Exercise. Without reproducing any image, print the listing below exactly.
Start of Given information
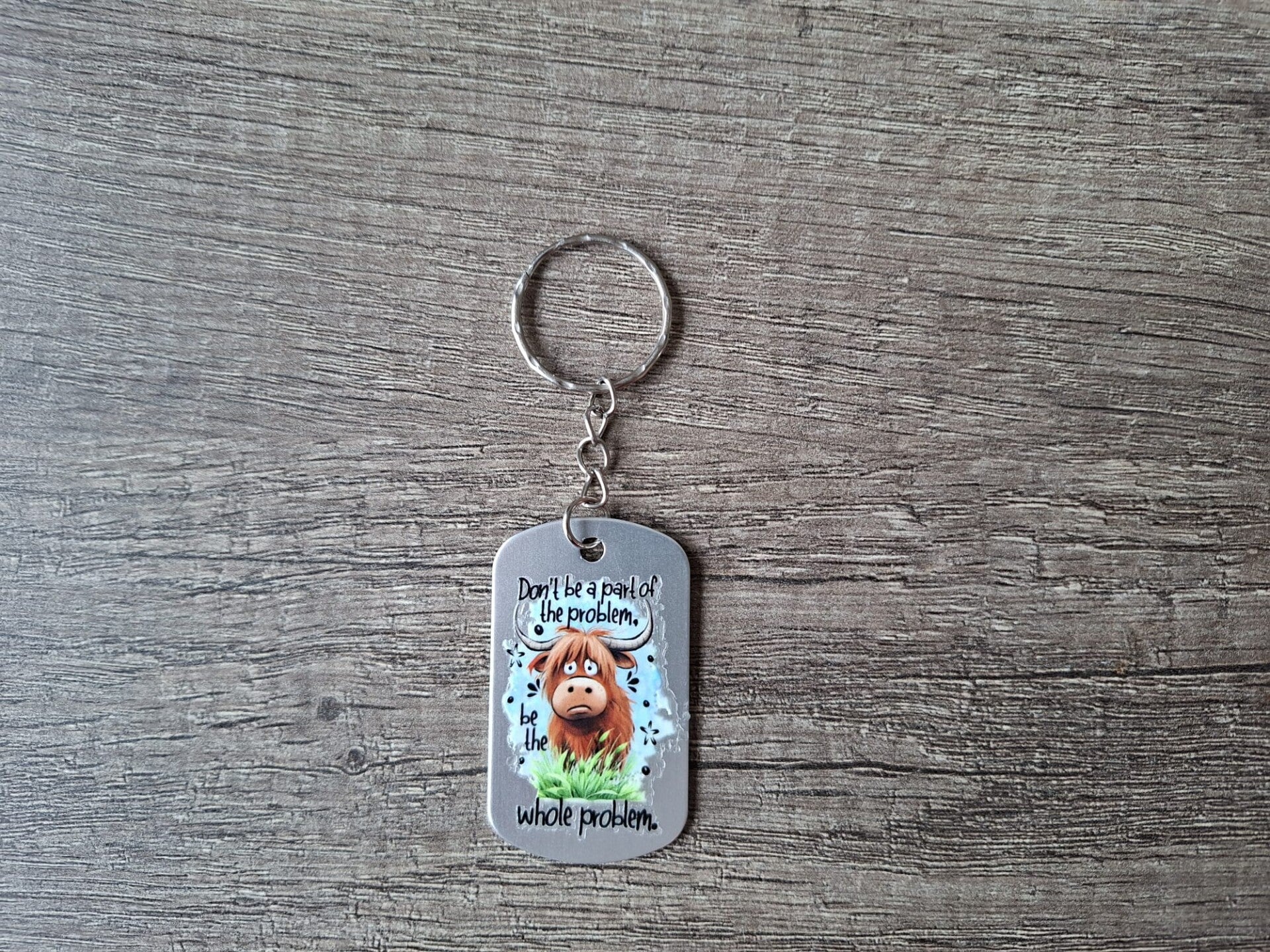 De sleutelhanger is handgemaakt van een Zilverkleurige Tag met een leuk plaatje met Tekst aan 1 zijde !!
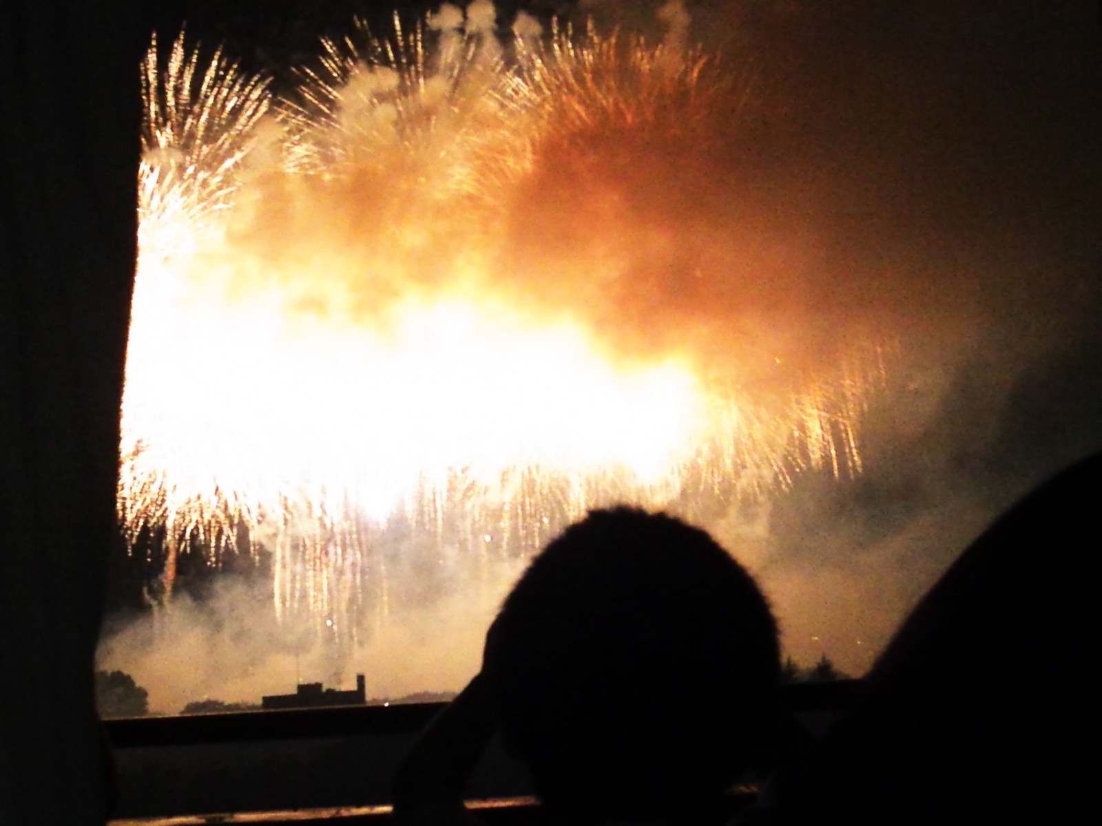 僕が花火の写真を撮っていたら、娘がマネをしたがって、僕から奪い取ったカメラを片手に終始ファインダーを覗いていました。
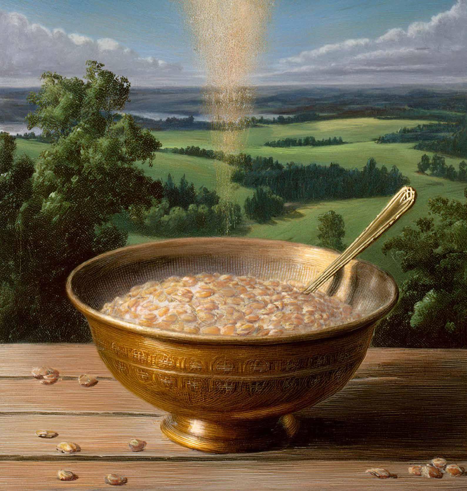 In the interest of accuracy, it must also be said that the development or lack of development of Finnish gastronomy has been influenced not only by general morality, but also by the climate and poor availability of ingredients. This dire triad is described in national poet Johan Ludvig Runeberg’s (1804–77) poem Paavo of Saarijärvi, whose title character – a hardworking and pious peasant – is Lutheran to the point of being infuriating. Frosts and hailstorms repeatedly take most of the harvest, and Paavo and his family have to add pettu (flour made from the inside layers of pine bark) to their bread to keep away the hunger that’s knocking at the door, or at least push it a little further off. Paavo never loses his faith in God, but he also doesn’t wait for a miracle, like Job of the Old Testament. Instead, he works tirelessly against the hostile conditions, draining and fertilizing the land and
End of Given information
Written solution.
 De sleutelhanger is handgemaakt van een Zilverkleurige Tag met een leuk plaatje met Tekst aan 1 zijde !!
 僕が花火の写真を撮っていたら、娘がマネをしたがって、僕から奪い取ったカメラを片手に終始ファインダーを覗いていました。
 In the interest of accuracy, it must also be said that the development or lack of development of Finnish gastronomy has been influenced not only by general morality, but also by the climate and poor availability of ingredients. This dire triad is described in national poet Johan Ludvig Runeberg’s (1804–77) poem Paavo of Saarijärvi, whose title character – a hardworking and pious peasant – is Lutheran to the point of being infuriating. Frosts and hailstorms repeatedly take most of the harvest, and Paavo and his family have to add pettu (flour made from the inside layers of pine bark) to their bread to keep away the hunger that’s knocking at the door, or at least push it a little further off. Paavo never loses his faith in God, but he also doesn’t wait for a miracle, like Job of the Old Testament. Instead, he works tirelessly against the hostile conditions, draining and fertilizing the land and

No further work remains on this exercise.